- Theatrical release poster
- Directed by: Leslie Goodwins
- Screenplay by: Charles E. Roberts Dane Lussier
- Story by: Charles E. Roberts
- Produced by: Bert Gilroy
- Starring: Lupe Vélez Leon Errol Walter Reed Elisabeth Risdon Lydia Bilbrook Hugh Beaumont
- Cinematography: Jack MacKenzie
- Edited by: Harry Marker
- Music by: C. Bakaleinikoff
- Production company: RKO Pictures
- Distributed by: RKO Pictures
- Release date: July 17, 1943;
- Running time: 63 minutes
- Country: United States
- Language: English

= Mexican Spitfire's Blessed Event =

1943 film by Leslie Goodwins

Mexican Spitfire's Blessed Event is a 1943 American comedy film directed by Leslie Goodwins and written by Charles E. Roberts and Dane Lussier. It is the sequel to the 1942 film Mexican Spitfire's Elephant. The film stars Lupe Vélez, Leon Errol, Walter Reed, Elisabeth Risdon, Lydia Bilbrook and Hugh Beaumont. The film was released on July 17, 1943, by RKO Pictures.

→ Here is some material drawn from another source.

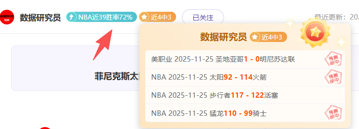 近4中3,早上的两场NBA咋们继续收,NBA作为我们的强项,近39中28,命中率已经来到了72%,话不多说上今日菜系!
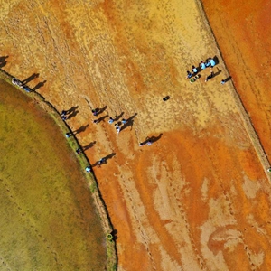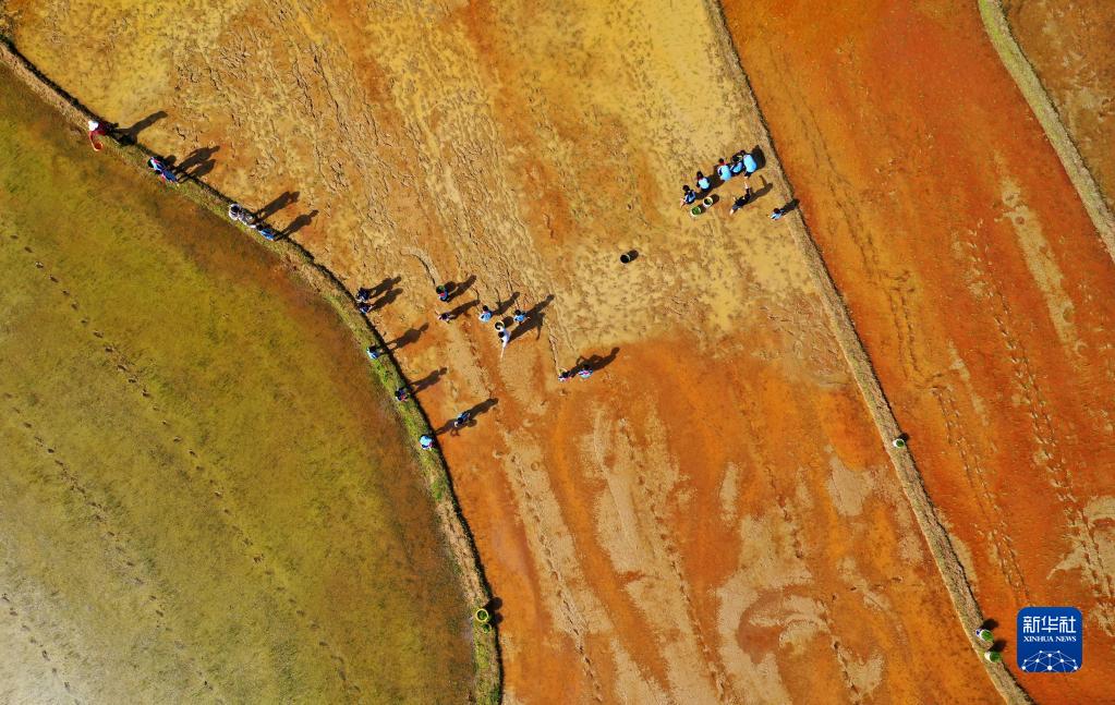 4月17日,江西省吉安市泰和縣塘洲中心小學學生在田間體驗拋秧(無人機照片)。

This was the eighth and final film in the series. It marks the penultimate screen appearance for Lupe Vélez, who committed suicide on 14 Dec 1944 after completing one more feature in her native Mexico.

==Plot==
The story unfolds at a dude ranch. Once again, Dennis is competing with another man, in this case George Sharpe, for a contract with distiller Lord Epping. Due to a misunderstanding, everyone thinks Carmelita has had a baby, when in fact it's her cat that has become a new mother. Epping is willing to sign with Dennis provided he can see the baby, so as always, Carmelita and Uncle Matt have to resort to all sorts of subterfuge—including the inevitable impersonation of Epping by Matt and the resultant confusion for everyone else—in order to set things right.

== Cast ==
- Lupe Vélez as Carmelita Lindsay
- Leon Errol as Uncle Matt Lindsay / Lord Basil Epping
- Walter Reed as Dennis Lindsay
- Elisabeth Risdon as Aunt Della Lindsay
- Lydia Bilbrook as Lady Ada Epping
- Hugh Beaumont as George Sharpe
- Aileen Carlyle as Mrs. Pettibone
- Alan Carney as Navaho Room bartender
- Wally Brown as Sagebrush Inn Desk Clerk (uncredited)
- Marietta Canty as Verbena

Note: This film was made before RKO paired Carney and Brown as a comedy team, but they have no scenes together.